For the records below, output word for word the lines from the one with "Recycled glass mug" up to and including the one with "천스마켓 다용도 원형 가죽 인테리어 수납함, 2종 1세트, 옐로우". No pictures.
(DATA RECORDS begins)
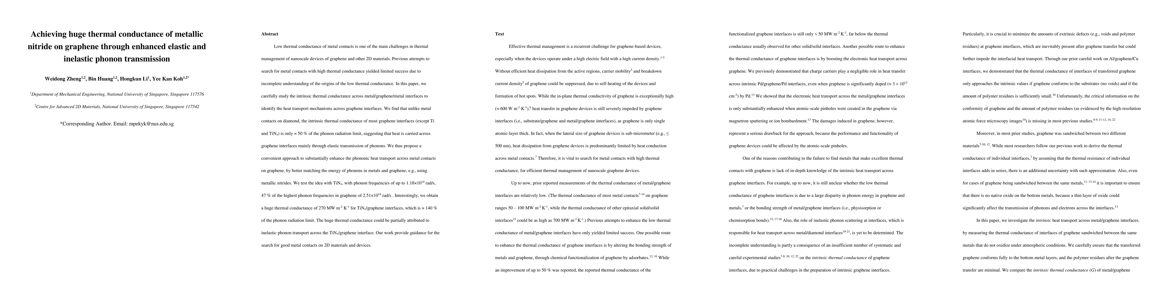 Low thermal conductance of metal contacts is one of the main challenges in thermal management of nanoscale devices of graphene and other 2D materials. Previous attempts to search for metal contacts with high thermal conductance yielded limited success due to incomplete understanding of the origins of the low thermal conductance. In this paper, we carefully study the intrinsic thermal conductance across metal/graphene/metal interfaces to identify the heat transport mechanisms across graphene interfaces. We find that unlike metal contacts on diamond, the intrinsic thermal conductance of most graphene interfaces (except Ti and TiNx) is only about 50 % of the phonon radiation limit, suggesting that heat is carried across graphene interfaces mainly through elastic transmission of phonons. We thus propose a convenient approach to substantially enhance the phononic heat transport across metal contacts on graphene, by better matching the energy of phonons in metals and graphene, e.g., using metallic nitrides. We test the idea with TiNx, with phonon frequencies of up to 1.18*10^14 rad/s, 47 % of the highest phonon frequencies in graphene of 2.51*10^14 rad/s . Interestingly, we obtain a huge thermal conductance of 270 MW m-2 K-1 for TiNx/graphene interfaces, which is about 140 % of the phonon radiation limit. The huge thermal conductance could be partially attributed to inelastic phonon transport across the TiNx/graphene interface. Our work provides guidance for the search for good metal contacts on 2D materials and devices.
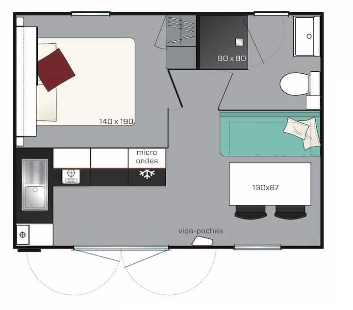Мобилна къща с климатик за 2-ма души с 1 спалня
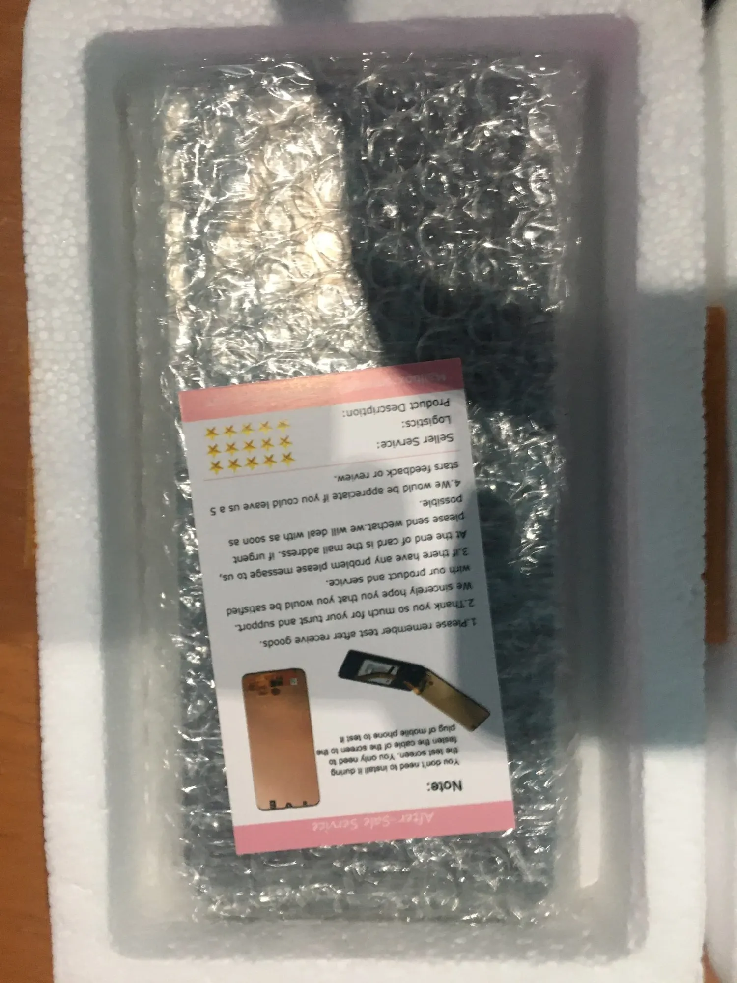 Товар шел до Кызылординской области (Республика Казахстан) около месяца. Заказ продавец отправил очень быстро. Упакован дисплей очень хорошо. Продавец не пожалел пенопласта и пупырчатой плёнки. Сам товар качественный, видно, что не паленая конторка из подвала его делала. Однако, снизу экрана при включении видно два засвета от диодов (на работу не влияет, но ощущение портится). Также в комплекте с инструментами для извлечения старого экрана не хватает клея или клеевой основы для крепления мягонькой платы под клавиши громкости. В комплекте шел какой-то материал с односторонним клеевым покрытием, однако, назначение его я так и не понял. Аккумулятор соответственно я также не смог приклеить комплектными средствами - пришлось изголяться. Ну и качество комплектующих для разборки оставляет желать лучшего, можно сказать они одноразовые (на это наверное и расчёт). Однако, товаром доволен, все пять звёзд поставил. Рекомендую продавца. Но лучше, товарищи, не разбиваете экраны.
(DATA RECORDS ends)
(DATA RECORDS begins)
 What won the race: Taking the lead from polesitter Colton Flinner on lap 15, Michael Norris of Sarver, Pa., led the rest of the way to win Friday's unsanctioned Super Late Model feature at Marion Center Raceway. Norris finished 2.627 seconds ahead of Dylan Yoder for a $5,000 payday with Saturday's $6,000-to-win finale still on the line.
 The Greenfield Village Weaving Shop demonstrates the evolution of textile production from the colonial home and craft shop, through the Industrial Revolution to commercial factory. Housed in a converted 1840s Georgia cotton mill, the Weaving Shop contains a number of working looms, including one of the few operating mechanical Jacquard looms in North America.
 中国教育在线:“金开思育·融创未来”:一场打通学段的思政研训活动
(DATA RECORDS ends)
(DATA RECORDS begins)
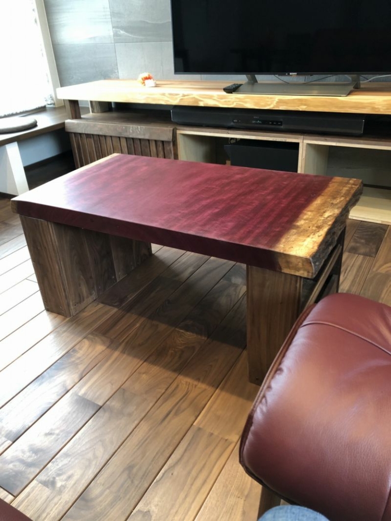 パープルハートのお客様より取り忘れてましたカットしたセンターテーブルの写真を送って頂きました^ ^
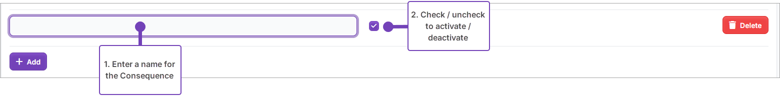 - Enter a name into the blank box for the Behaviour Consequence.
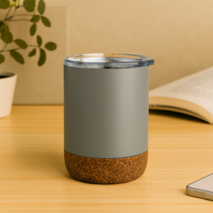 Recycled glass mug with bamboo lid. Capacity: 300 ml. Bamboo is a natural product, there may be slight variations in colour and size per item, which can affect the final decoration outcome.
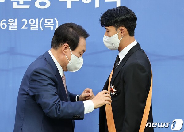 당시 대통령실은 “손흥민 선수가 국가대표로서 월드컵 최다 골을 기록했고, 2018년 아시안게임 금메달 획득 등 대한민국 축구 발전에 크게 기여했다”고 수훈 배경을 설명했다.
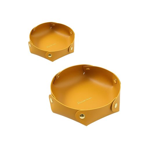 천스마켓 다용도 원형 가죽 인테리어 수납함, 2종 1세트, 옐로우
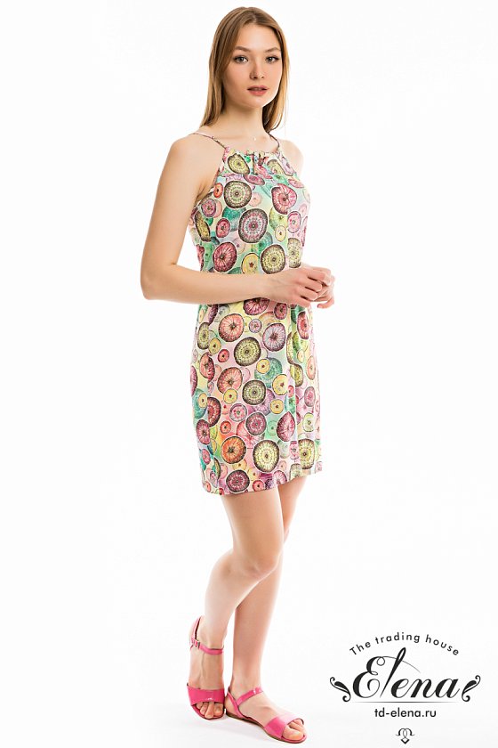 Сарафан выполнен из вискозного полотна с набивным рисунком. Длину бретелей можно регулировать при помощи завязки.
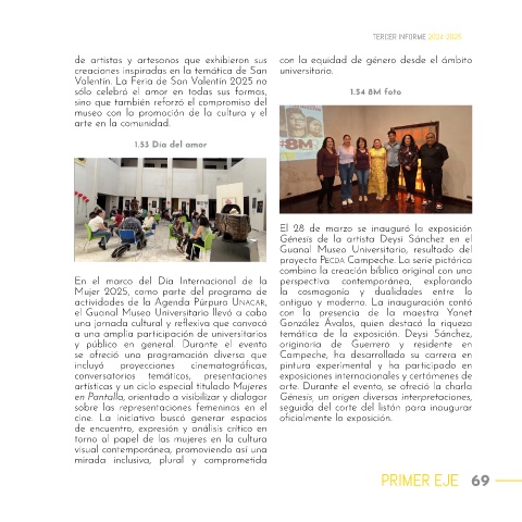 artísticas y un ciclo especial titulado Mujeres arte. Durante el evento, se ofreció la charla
(DATA RECORDS ends)
◆ **SOLUTION BELOW**:
 Recycled glass mug with bamboo lid. Capacity: 300 ml. Bamboo is a natural product, there may be slight variations in colour and size per item, which can affect the final decoration outcome.
 당시 대통령실은 “손흥민 선수가 국가대표로서 월드컵 최다 골을 기록했고, 2018년 아시안게임 금메달 획득 등 대한민국 축구 발전에 크게 기여했다”고 수훈 배경을 설명했다.
 천스마켓 다용도 원형 가죽 인테리어 수납함, 2종 1세트, 옐로우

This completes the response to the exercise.